What you need to do:
Restate word for word the lines of the entries below, starting with the line that holds "Dies ist eine" and ending with the line that holds "主要的调整就只在检色器的最最", and no others.

Dataset excerpts:
[Start of Attachment]

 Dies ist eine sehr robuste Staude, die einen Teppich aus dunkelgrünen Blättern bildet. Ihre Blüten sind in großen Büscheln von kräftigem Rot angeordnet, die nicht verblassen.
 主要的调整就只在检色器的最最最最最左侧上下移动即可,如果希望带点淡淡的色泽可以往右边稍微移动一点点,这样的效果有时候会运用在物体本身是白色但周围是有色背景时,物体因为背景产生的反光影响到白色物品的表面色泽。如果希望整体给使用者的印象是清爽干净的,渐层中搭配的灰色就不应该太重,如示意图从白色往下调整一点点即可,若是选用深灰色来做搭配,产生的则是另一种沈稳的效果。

[End of Attachment]
[Start of Attachment]

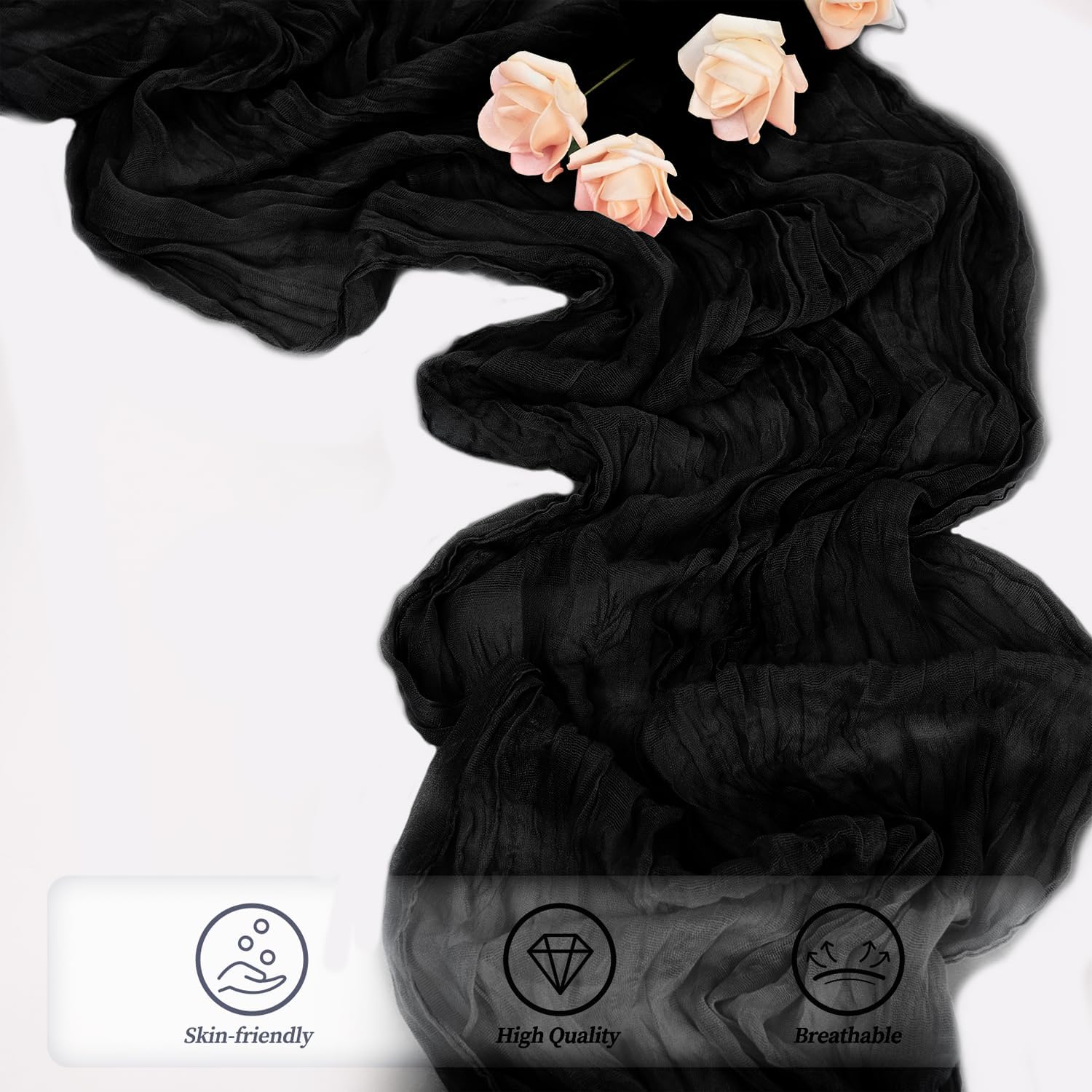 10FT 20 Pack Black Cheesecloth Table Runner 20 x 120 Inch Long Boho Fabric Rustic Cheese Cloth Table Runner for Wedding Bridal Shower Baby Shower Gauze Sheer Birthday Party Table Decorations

[End of Attachment]

Written reply:
 Dies ist eine sehr robuste Staude, die einen Teppich aus dunkelgrünen Blättern bildet. Ihre Blüten sind in großen Büscheln von kräftigem Rot angeordnet, die nicht verblassen.
 主要的调整就只在检色器的最最最最最左侧上下移动即可,如果希望带点淡淡的色泽可以往右边稍微移动一点点,这样的效果有时候会运用在物体本身是白色但周围是有色背景时,物体因为背景产生的反光影响到白色物品的表面色泽。如果希望整体给使用者的印象是清爽干净的,渐层中搭配的灰色就不应该太重,如示意图从白色往下调整一点点即可,若是选用深灰色来做搭配,产生的则是另一种沈稳的效果。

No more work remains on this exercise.